Abstract
Background: Tuberculosis is a serious health issue causing substantial morbidity and mortality worldwide. An estimated 10.6 million people developed tuberculosis disease in 2021, and 1.6 million people died. Collectively, India and South Africa accounted for 31% of cases and 36% of deaths globally. Novel vaccines or vaccination strategies will likely be key to eliminate the burden of tuberculosis. M72/AS01E and BCG-revaccination of adolescents/adults have both recently completed Phase IIb trials, and vaccine developers and implementers require estimates of their likely health and economic impact. We estimated the potential cost and cost-effectiveness of vaccination with BCG-revaccination and M72/AS01E vaccines in India and South Africa and investigated the impact of variation in delivery strategies and vaccine profile.

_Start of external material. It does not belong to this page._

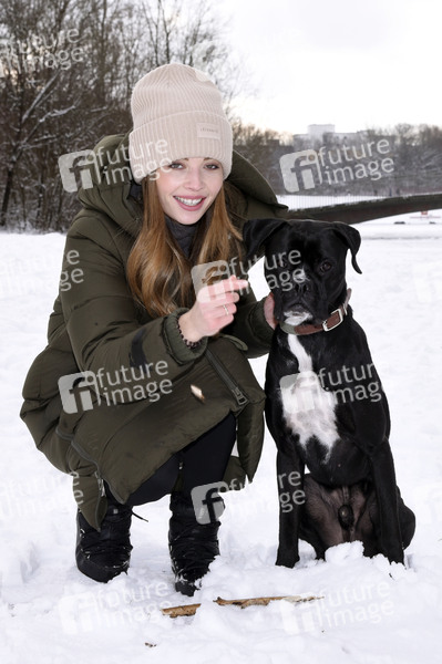 Lena Meckel mit ihrem Hund Ludwig beim Winterspaziergang im Ostpark. München, 07.01.2021

Methods: We developed separate age-stratified compartmental tuberculosis models for India and South Africa and calibrated to country-specific epidemiologic data to simulate current trends to 2050 assuming no-new-vaccine introduction. We simulated vaccines with characteristics informed by clinical trial data; a Basecase M72/AS01E vaccine with 50% prevention of disease efficacy with 10-years average protection, efficacious with any infection status at vaccination introduced in 2030 routinely to age 15 (80% coverage) and as a campaign for ages 16-34 (70% coverage, repeat campaign in 2040) with two doses at $2.5 USD per dose, and a Basecase BCG-revaccination vaccine with 45% prevention of infection efficacy with 10-years average protection, and efficacious with no current infection at time of vaccination introduced in 2025 routinely to age 10 (80% coverage) and as a campaign for ages 11-18 (80% coverage) with repeat campaigns in 2035 and 2045 with one dose at $0.17 per dose. We varied product and implementation characteristics univariately to explore uncertainty in vaccine profile and decisions regarding delivery.
We calculated incremental costs for each vaccine scenario compared to the no-new-vaccine baseline from the health system perspective. We calculated disability-adjusted life years (DALYs) as well as budget impact and cost-effectiveness outcomes such as incremental cost per DALY averted.

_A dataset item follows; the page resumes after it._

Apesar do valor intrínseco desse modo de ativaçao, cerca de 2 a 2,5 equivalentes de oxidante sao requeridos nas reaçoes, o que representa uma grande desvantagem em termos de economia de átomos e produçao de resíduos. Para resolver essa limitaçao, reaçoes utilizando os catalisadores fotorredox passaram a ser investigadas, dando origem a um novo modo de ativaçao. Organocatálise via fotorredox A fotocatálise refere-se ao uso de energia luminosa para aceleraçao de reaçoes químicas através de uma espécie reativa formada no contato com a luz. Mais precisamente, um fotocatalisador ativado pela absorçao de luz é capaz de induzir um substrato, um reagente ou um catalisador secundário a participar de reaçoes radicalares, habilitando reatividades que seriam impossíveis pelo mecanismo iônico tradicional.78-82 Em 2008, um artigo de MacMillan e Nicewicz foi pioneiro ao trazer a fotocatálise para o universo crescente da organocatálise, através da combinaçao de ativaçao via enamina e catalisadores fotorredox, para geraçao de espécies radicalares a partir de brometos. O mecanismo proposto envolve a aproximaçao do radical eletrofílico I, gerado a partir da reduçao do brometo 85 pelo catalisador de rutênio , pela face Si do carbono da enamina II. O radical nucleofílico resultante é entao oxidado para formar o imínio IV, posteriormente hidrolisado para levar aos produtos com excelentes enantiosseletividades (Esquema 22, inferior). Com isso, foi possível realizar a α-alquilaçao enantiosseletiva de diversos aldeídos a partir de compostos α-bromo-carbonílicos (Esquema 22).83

Results: In both India and South Africa, M72/AS01E vaccines were predicted to avert more tuberculosis cases and deaths by 2050 compared to BCG-revaccination scenarios. Both M72/AS01E and BCG-revaccination scenarios are likely to be highly cost-effective in both countries. Due to the higher assumed cost-per-dose ($2.5 vs $0.17) and requiring two doses per course, M72/AS01E vaccines were estimated to be around four times more expensive and have cost-effectiveness ratios around three to seven times greater than BCG-revaccination in both countries, but nearly all scenarios were cost-effective at the lowest threshold. Both vaccines are likely to have lower cost-effectiveness ratios in South Africa compared to India due to the higher tuberculosis burden, and vaccine roll out was likely 20 times more expensive per year in India due to population size.
Implications: Novel tuberculosis vaccines with characteristics similar to BCG-revaccination and M72/AS01E are likely to be highly cost-effective in both India and South Africa and have the potential to have a substantial positive impact on the tuberculosis burden in both countries.